→ Data:

((

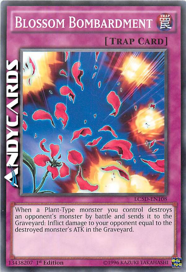 Activate only when a Plant-Type monster you control destroys an opponent's monster by battle and sends it to the Graveyard. Inflict damage to your opponent equal to the destroyed monster's original ATK.
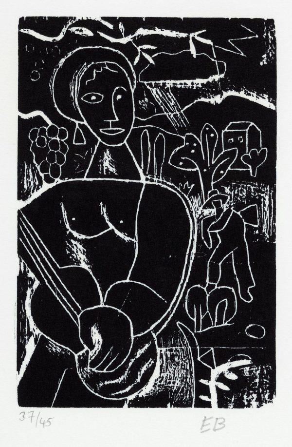 Burra, Edward (1905 – 1976)Nine Woodcuts; ‘Guitar Player’.Woodcut. c.1929. Re-strike printed by Alexander Postan in 1971 from the original blocks. Published by Nicholas Treadwell in an edition of 45 and sold by Observer Art. The blocks were then given to the Tate.Framed: 15×12 inches.
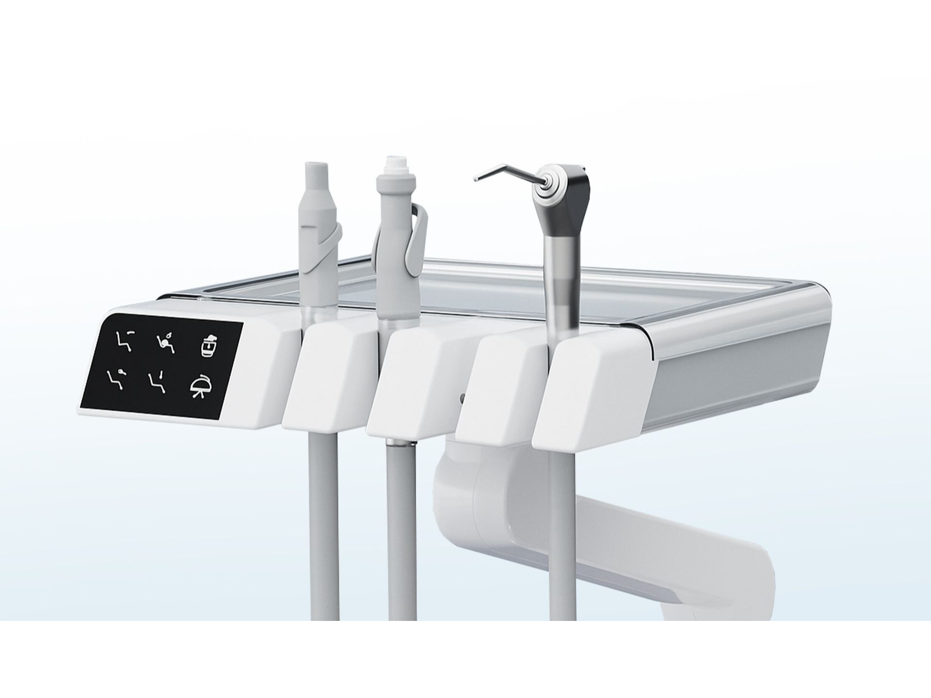 • Panel táctil infrarrojo: Control de posición del sillón, enjuague de salivadera, calentamiento de agua, llenado de vasos y luz del sillón.
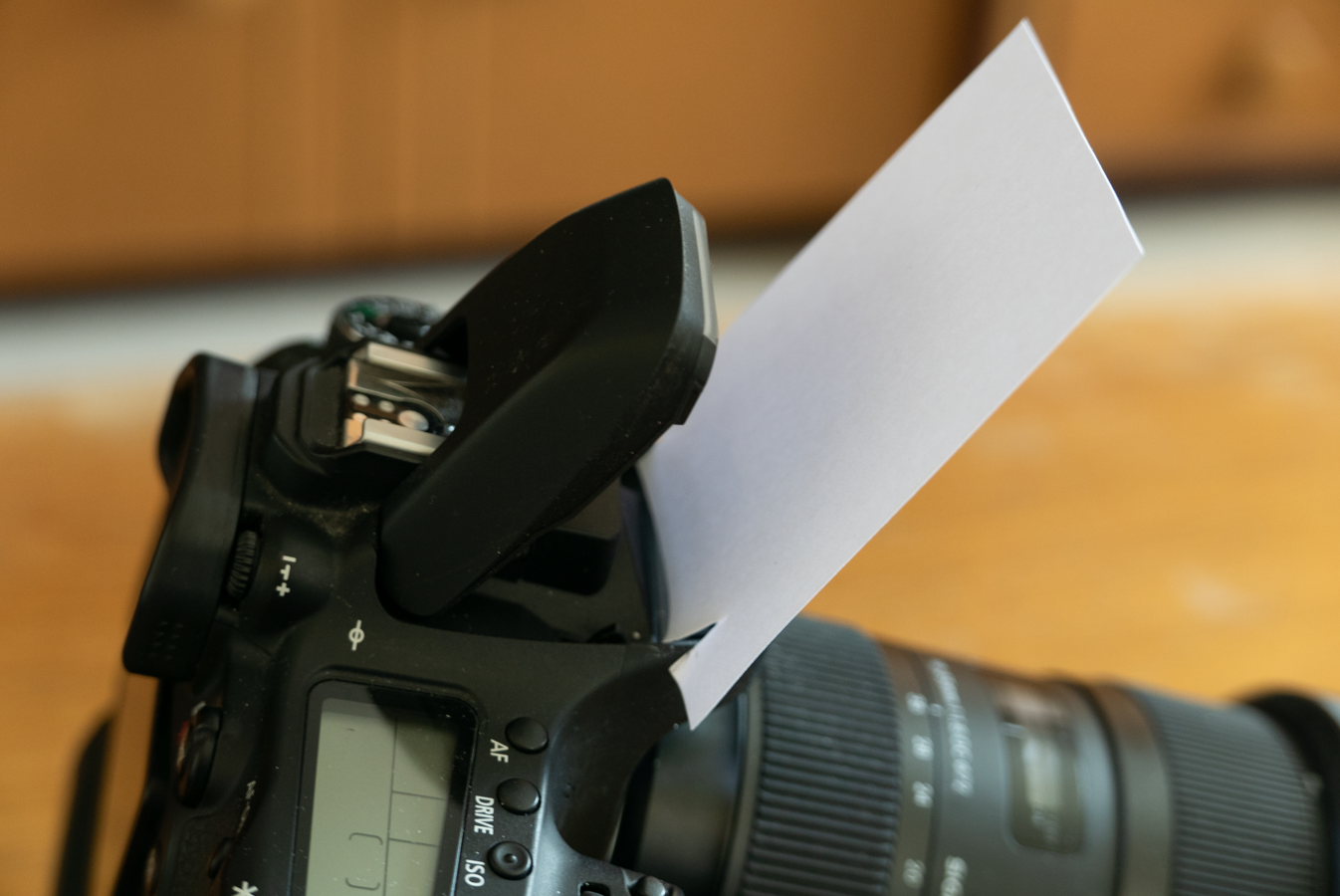 Bei der Nutzung eines eingebauten oder Systemblitzes entsteht Licht, das sehr hart ist und gleichzeitig jedwede Farbstimmung der Fotoszene unterdrückt. Die klassische Lösung besteht darin, die Richtung des Blitzes um das Fotoobjekt einzustellen und das Licht an einer größeren, farbneutralen Fläche (klassische weiße Decke oder Wand) zu reflektieren. Auf das Fotoobjekt fällt so diffuses Licht, das einen viel besseren Charakter hat.

))

Leave out the pictures and give the listing above again exactly.

→ Task output:
 Activate only when a Plant-Type monster you control destroys an opponent's monster by battle and sends it to the Graveyard. Inflict damage to your opponent equal to the destroyed monster's original ATK.
 Burra, Edward (1905 – 1976)Nine Woodcuts; ‘Guitar Player’.Woodcut. c.1929. Re-strike printed by Alexander Postan in 1971 from the original blocks. Published by Nicholas Treadwell in an edition of 45 and sold by Observer Art. The blocks were then given to the Tate.Framed: 15×12 inches.
 • Panel táctil infrarrojo: Control de posición del sillón, enjuague de salivadera, calentamiento de agua, llenado de vasos y luz del sillón.
 Bei der Nutzung eines eingebauten oder Systemblitzes entsteht Licht, das sehr hart ist und gleichzeitig jedwede Farbstimmung der Fotoszene unterdrückt. Die klassische Lösung besteht darin, die Richtung des Blitzes um das Fotoobjekt einzustellen und das Licht an einer größeren, farbneutralen Fläche (klassische weiße Decke oder Wand) zu reflektieren. Auf das Fotoobjekt fällt so diffuses Licht, das einen viel besseren Charakter hat.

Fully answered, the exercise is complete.